それからのぴはスマートフォンの画面に瞬く目を通していると。

X(旧ツィッター)のトレンドに『似非フェミニストの亡霊』という題名が挙がり。

それを指で押すとそのトレンドとなったネームタグから次々と

『似非フェミニストの亡霊』!AV販売会社に現れる!!』

『似非フェミニストの亡霊』死んでも他人に迷惑をかける!!』

『似非フェミニストの亡霊』関係者の太ももをひっかく!』

等々のツイートがリストとなって続々をポストされた。

更にある動画にはとあるAVを販売する会社の事務所にて真っ暗な中。

誰もいないはずの部屋で呻く甲高い叫び声が急に部屋に響く様子が撮影された

動画がアップされていた。しかも事務所の奥には緑色の鬼火らしきものが見えた。

一瞬なので分からないが。
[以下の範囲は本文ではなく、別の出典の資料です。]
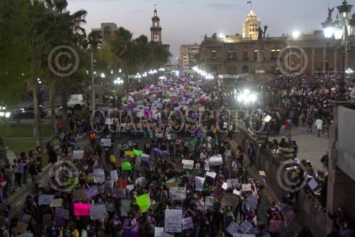 Miles de mujeres salieron a las calles del centro de la ciudad de Monterrey para conmemorar el Día Internacional de la Mujer con una marcha que salió desde la Explanada de los Héroes.
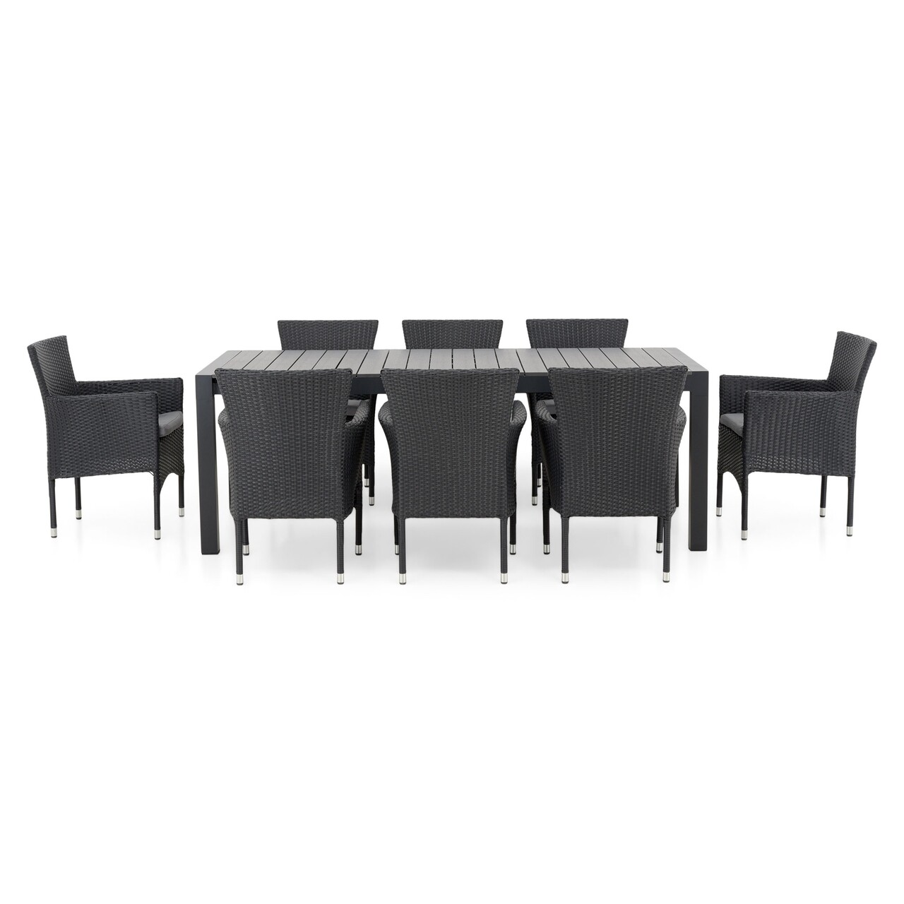 <p>Piesele setului sunt realizate din aluminiu vopsit in camp electrostatic, topul fiind realizat din imitatie de lemn cu protectie UV. Scaunele au structura de otel vopsita in camp electrostatic si impletita cu fibre sintetice tratate UV. Includ perne din poliester rezistent la umezeala.<br />Setul este format din: masa: L.213 x l.95 x H.77 cm; 8 scaune L.60 x l.63 x H.86 cm.</p>

それは何らかの悪霊に見えた。

のぴは興味を惹かれてその実際に悪霊の被害に遭っている

とあるアダルト(成人)向けのDVDやブルーレイを販売する会社へ行って

その悪霊がなんなのか?自分の目で確かめる事にした。

それは彼女の精神が大きく成長した証でもあった。

のぴはその場所へ向かう途中の電気屋の街頭テレビをふと見ると

番組の途中のニュース速報が流れていた。


www.youtube.com

『番組の途中ですがニュース速報です!

長い間、日本で活動停止中のだったあの一時期話題となった

『心の怪盗団ザ・レミリアスカーレット』が活動を再開したとの情報が入りました!!

情報によると元メンバーの2人と共に新しく再結成されたチームと手を組み活動を

再開しました。今日未明に予告状が現実(リアル)の人物に送られたようです。』

ニュースのキャプチャー画面には真っ赤な長四角の手紙に

『心の怪盗団ザ・レミリアスカーレット』のロゴマークがあり。

そして切り貼りした手作りのプリントの文字を

スタジオの女性アナウンサーはゆっくりと読み始めた。

若い女性の純粋に高校野球を応援する行為を冒涜し。女性の品位を損ない。

自分の正しさばかりを他人に押し付け。他人の主義主張を悪と決めつけ。

異なる他人の意見を否定し続け、真実を捻じ曲げ続け正義を押し付け。

自らの嘘を利用し、弱き女性やオタク。

反逆するものから示談金と称して大金を巻き上げる歪んだ正義の欲望を頂戴する。

以上。自らの虚像を並べ立てて歪んだ正義の大罪人堀口英利殿。

心の怪盗団ザ・レミリアスカーレットより』とあります。

今回はあの堀口さんのようですね。」

のぴはテレビの画面をぼんやりと眺めつつも確かどこかで

元メンバーの2人を見たような・・・・・・。なんとなくそんな気がしたのだった。

のぴはあれこれ首を左右に捻りながらなんとか思い出そうとした。

それから気が付くと例の悪霊事件のあったAVを販売する会社の事務所の前にいた。